On 8/31/2021 2:20 PM, Bjorn Helgaas wrote:
On Wed, May 26, 2021 at 08:12:04PM -0500, stuart hayes wrote:
...
I made the patch because it was causing the config space for a downstream
port to not get restored when a DPC event occurred, and all the NVMe drives
under it disappeared. I found that myself, though--I'm not aware of anyone
else reporting the issue.
This niggles at me. IIUC the problem you're reporting is that portdrv
didn't claim a port because portdrv incorrectly assumed the port
supported bandwidth notification interrupts. That's all fine, and I
think this is a good fix.
But why should it matter whether portdrv claims the port? What if
CONFIG_PCIEPORTBUS isn't even enabled? I guess CONFIG_PCIE_DPC
wouldn't be enabled then either.
In your situation, you have CONFIG_PCIEPORTBUS=y and (I assume)

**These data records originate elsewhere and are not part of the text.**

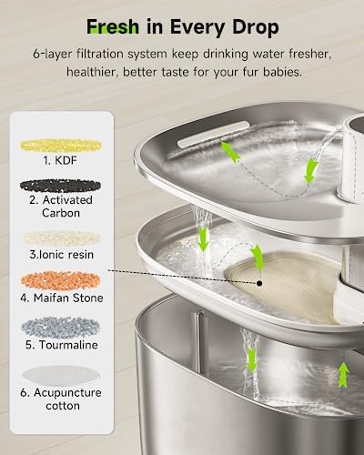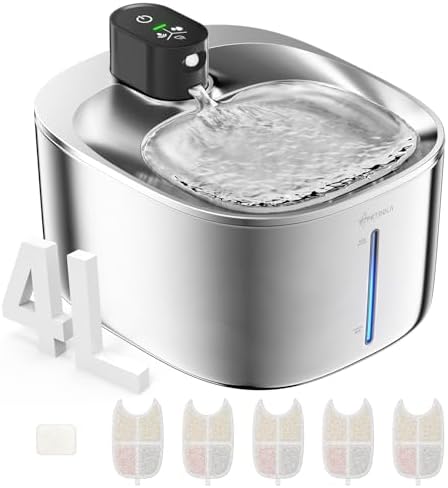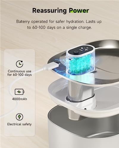 Sponsored Ad - Cat Water Fountain Stainless Steel,152oz/4L Wireless Pet Fountain Battery Operated,Quiet Filtered Pet Water Fountain,Automatic Water Bowl for Cats Dogs with Motion Sensor 5 Filters
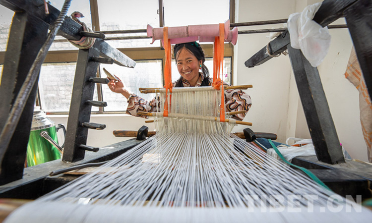 圖為村民正在編織氆氌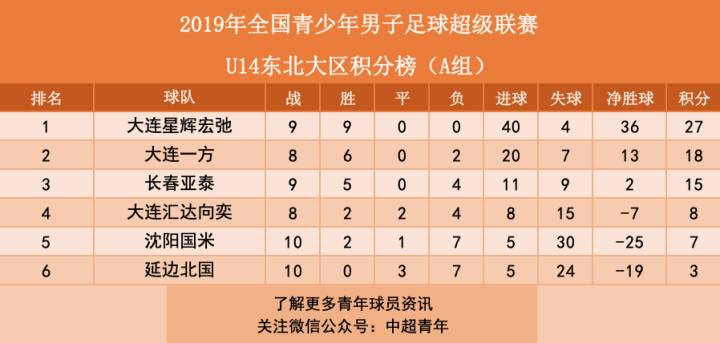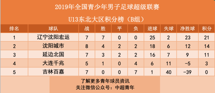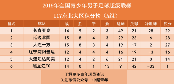 八、青超联赛东北大区:亚泰U17领跑积分榜。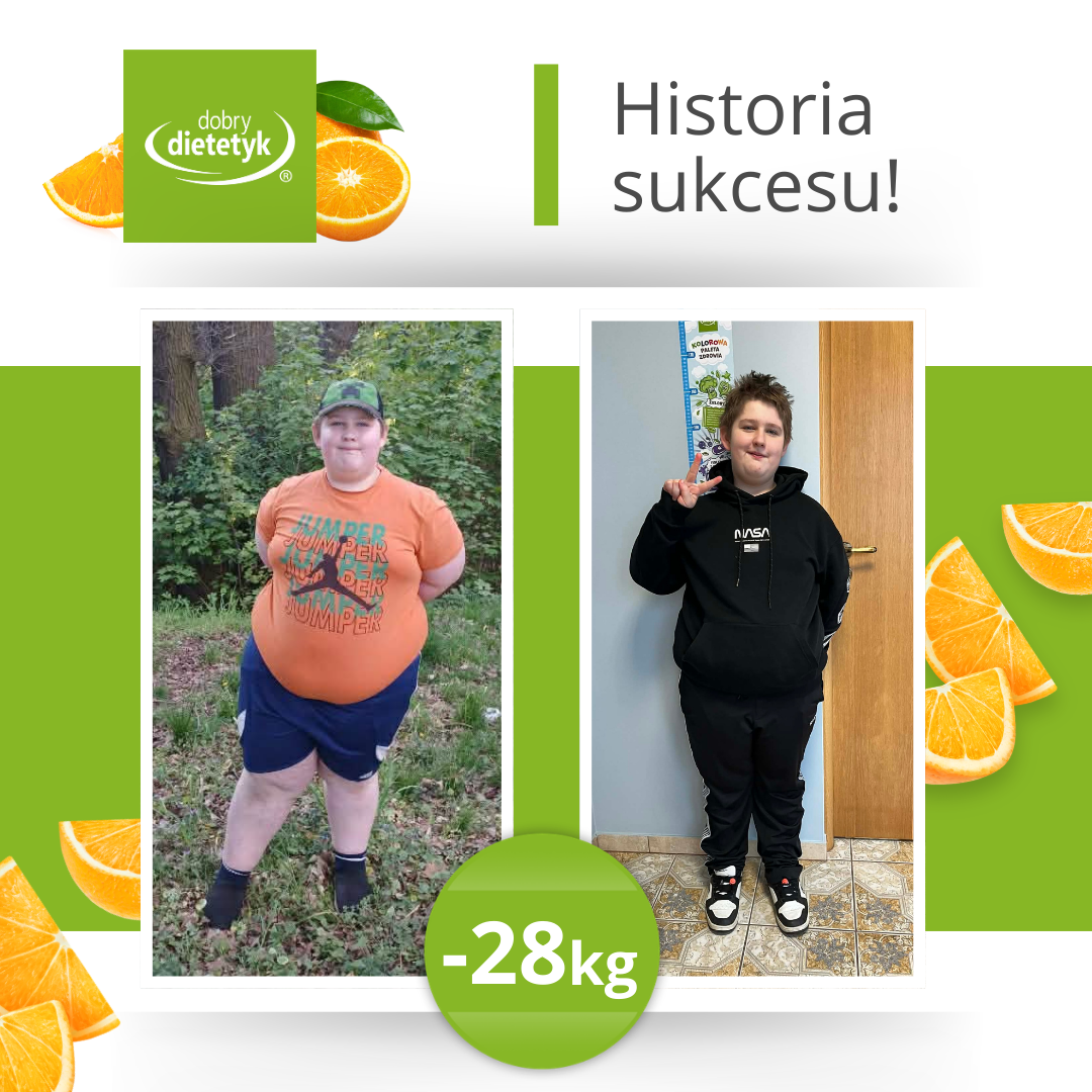 Kacper jest bardzo zmotywowany i zadowolony z efektów diety. Nie poddaje się i walczy dalej, by osiągnąć taka wagę, która nie będzie stanowiła zagrożenia dla jego zdrowia i życia.

CONFIG_PCIE_DPC=y. I guess you must have two levels of downstream
ports, e.g.,
Root Port -> Switch Upstream Port -> Switch Downstream Port -> NVMe
and portdrv claimed the Root Port and you enabled DPC there, but it
didn't claim the Switch Downstream Port?
That's correct. On the system I was using, there was another layer of
upstream/downstream ports, but I don't think that matters... I had:
Root Port -> Switch Upstream Port (portdrv claimed) -> Switch Downstream
Port (portdrv did NOT claim) -> Switch Upstream Port (portdrv claimed)
-> Switch Downstream Port (portdrv claimed) -> NVMe
The failure to restore config space because portdrv didn't claim the
port seems wrong to me.
When a DCP event is triggered on the root port, the downstream devices
get reset, and portdrv is what restores the switch downstream port's
config space (in pcie_portdrv_slot_reset).
So if portdrv doesn't claim the downstream port, the config space
doesn't get restored at all, so it won't forward anything to subordinate
buses, and everything below the port disappears once the DPC event happens.
I'm not really sure how else it would recover from a DPC event, I guess.
Bjorn